There are, however, some significant differences in content that cannot be reconciled by the order of writing alone. Perhaps much of this stemmed from a simple desire to avoid excessive repetition between the two texts, but it is nevertheless interesting to observe that, while many key details appear in both, a number of items more appropriate to the CP appear only in the Life and vice versa. Only the Life, for example, reports that Gebhard reassigned his servants as specialists of various kinds with a special provision for inheritance.2 On the other hand, there is no discussion of Gebhard’s illustrious ancestry or of his miracle-working father in the Life, although these are elements central to the CP.3 In some cases, rhetorical considerations may have dictated the logic of inclusion; both Gebhard’s brother Liutfrid’s deception in the division of their paternal inheritance and his hostile encounter with the relics of St. Ulrich of Augsburg feature in a broader narrative of family conflict in the CP, but would fit awkwardly at best in the Life.4 For other discrepancies, there seems to be no plausible explanation beyond purely stylistic choice.5
Unsurprisingly, much of the Life of Gebhard recycles common hagiographic tropes and generally follows the conventions of the genre.6 Among the more noteworthy hagiographical elements that feature in the Life is Gebhard’s furta sacra of the head of St. Gregory, Petershausen’s most prized relic.7 Both the Life and the CP recount how Gebhard was given the head by Pope John XV when he traveled to Rome seeking a papal privilege for Petershausen (a story that is included in its entirety with identical text in both), but only the Life reports his dramatic escape from a crowd of Roman pursuers who were evidently unaware that this donation had been voluntary.8 The conflict between the church of Constance and Petershausen over Gebhard’s body appears only in the Life, although it could well have fit in the theme of such conflicts in the Chronicle.9
The second book of the Life catalogs Gebhard’s many post-mortem miracles, with no overlap with those that feature in the CP.10 Running through these is an interesting undercurrent of skepticism about Gebhard’s good character.

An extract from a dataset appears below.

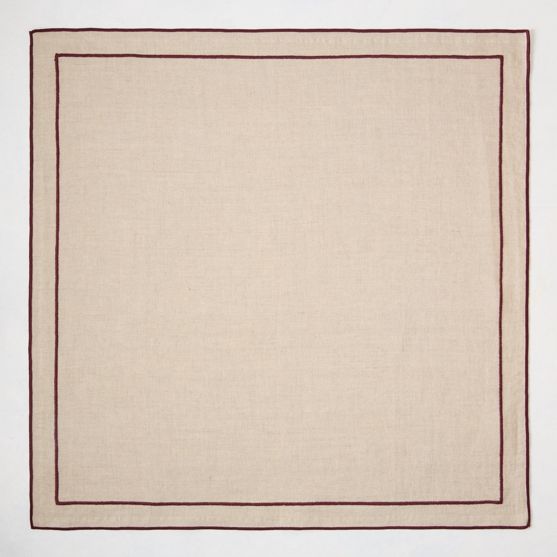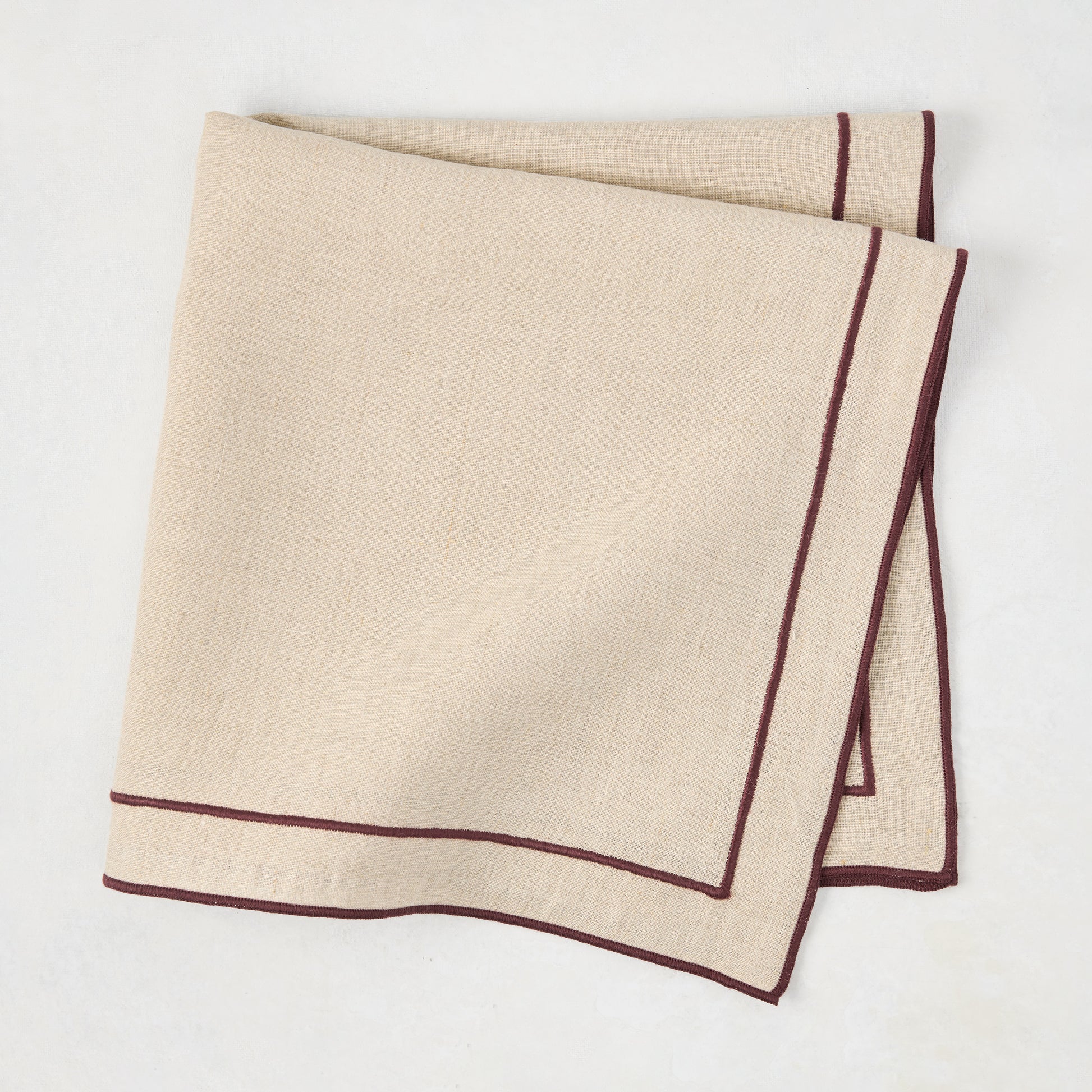 Bring subtle elegance to your table with the Dark Plum Embroidered Double Line Natural Napkin. Woven from soft cotton, the beige napkin is overlaid with dark purple embroidered borders that add the perfect pop of color. Whether dressed up or down, this napkin is the perfect elevated addition to any occasion.

As the author reports when recounting the first of these miracles, “even in those days some ignorant brothers disregarded his merit and disparaged his sanctity,” prompting Gebhard to appear to one such brother and confirm that he is “not so contemptible” as his reputation would suggest.11 Similarly, in the longest and most colorful of the miracles, a demon possessing a woman disparages Gebhard as “a pretender and seducer,” in whom “there is said to be no sanctity,” asserting that Gebhard will therefore be powerless against it.12 While all of this could fit comfortably within the hagiographical topos of the deceased saint proving his or her merit, it may also reflect the author’s attempt to rehabilitate the image of the founder of his monastery in the face of real doubt. After all, the phrase “even in those days” hints at the possibility that similar doubts lingered in the author’s own day.

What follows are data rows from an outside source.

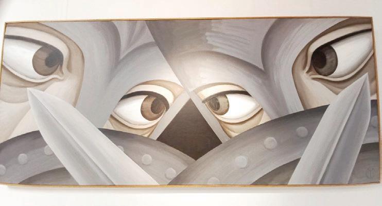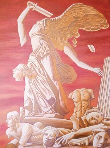 Роботу «Перемога» я написав до антивоєнної виставки 2023 року, що присвячувалась Міжнародному дню миру. То є постать Ніки Самофракійської з Лувру, а біля її постамента – обломки давньогрецької скульптури. Тут – питання руба: чи не є агресивність людини і до навколишнього світу, і до створінь свого роду причиною її божевільного просування до прірви самознищення? Чи можливо ту агресивність загасити, чи вона незнищенна? Наголос: свою мрію – «Земля без армій – планета розумних людей» – Олександр Мельник підкріплює, як
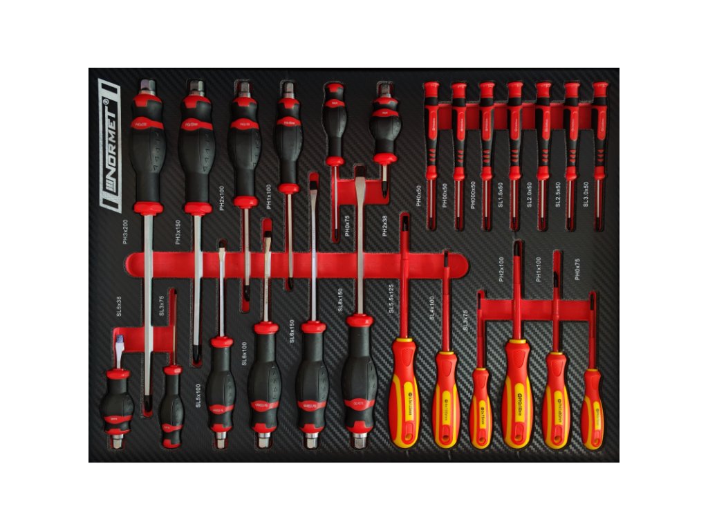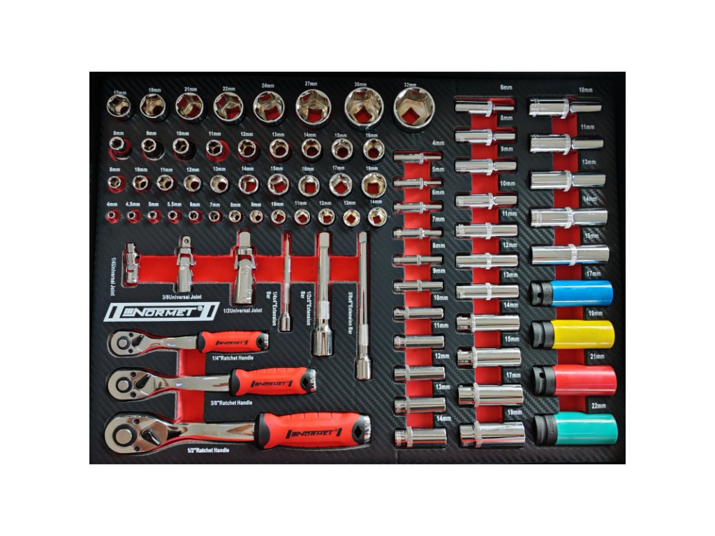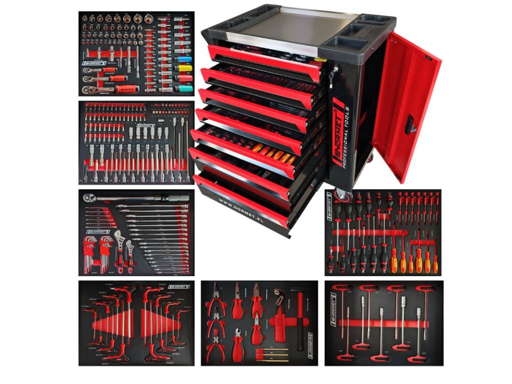 Vozík na náradie NORMET so 269 dielmi je kompletne vybavené riešenie pre autoservisy, dielne a technické prevádzky. Robustný dielenský vozík so 7 zásuvkami obsahuje široký sortiment gola sád, bitov, kľúčov, skrutkovačov, klieští a meracieho náradia
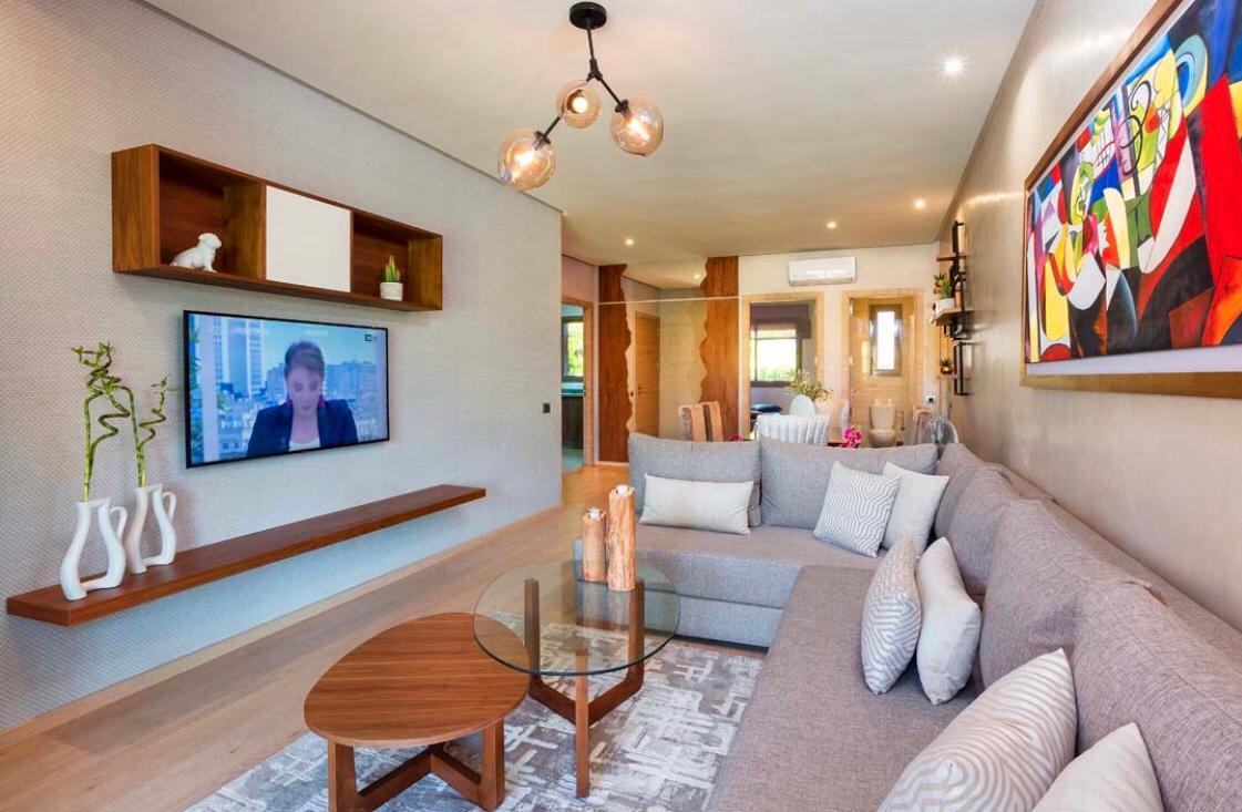 Ab Development Marrakech vous propose cet agréable appartement meublé, tout neuf, à la location longue durée à Prestigia golf City Marrakech. Il est d’une superficie de 200 m².
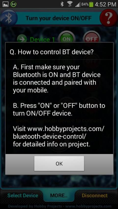 1. Во-первых убедитесь, что ваш HC-05 Модуль Bluetooth в паре с вашего мобильного телефона. По умолчанию пароль для спаривания "1234" или "0000". Проверьте руководство модуля Bluetooth.
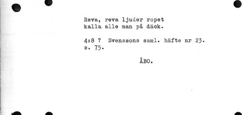 //// Reva, reva ljuder ropet kalla alle man på däck. //// 4:8 ? Svenssons saml. häfte nr 23. //// s. 75- //// ÅBO. ////
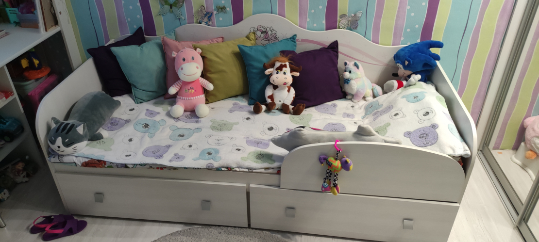 Отличная кровать, советую! Ящики огромные! Кровать крепкая, рада,что дно не реечное! Особенно порадовало,что все детали были пронумерованы! Собрать смогла сама!! Без помощи мужчин! Только приготовьте шуруповерт! А так сама собрала за 3 часа. Можно быстрее, но нужен опыт) Вторую уже соберу за 1,5 часа. Рекомендую кровать и данный сайт. Сначала смутило,что предоплата (если по карте), но решила,что сумма не та, чтобы не рискнуть. Оказалось риска нет совсем! Все честно! Только бы доставку еще бы оперативнее... Пришлось ждать 3 дня доставки, но все в срок. Водитель очень общительный и вежливый, давно не встречала таких среди водителей! Все на высшем уровне!
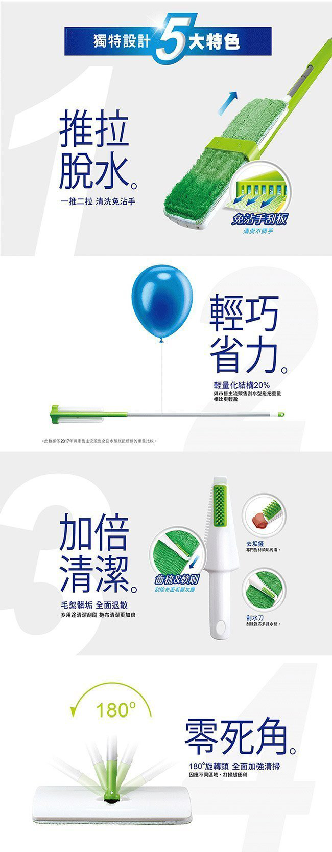 ★推拉脫水 髒布免手洗:刮水結構經歷測試20000次超強耐用。

Here begins the preface to the life of blessed Gebhard the Second, Bishop of Constance, confessor of Christ, and founder of the monastery of Petershausen
1.0. When the Creator formed the first man in paradise, he gave him authority over that place with the salvific commandment that he beget spiritual offspring up to the full number of predestined souls, so that these – without any intervention of death – might ascend in body and soul to that place from which the wicked one fell with his followers. But the devil, riled up in jealous spite because the flesh would possess the glory that he had lost, seduced the man with deceitful persuasion. By promising divinity that he did not have, the devil stripped man of his immortality and the glory he already possessed. God detested the malice of the enemy more than the fall of man, however, and so recalled man to repentance but sentenced the deceiver to eternal punishment. He gave men leaders and masters whom he inspired through his Spirit to know what should be done and what should be avoided, so that these might guide the rest and teach them to proceed on the paths of justice [Ps. 22:3] and avoid the crooked roads. To this end, he promised them his arrival in the world, so that his flesh might free our flesh, and his light might illuminate our blindness, we who were dwelling in darkness and in the region of the shadow of death [Isa. 9:2]. Moreover, he spoke prophecies first through the patriarchs, then through the Law, and finally through the various prophets, for these all were sent to foretell the arrival of the Savior in the flesh and to prepare the people to be perfected in the Lord.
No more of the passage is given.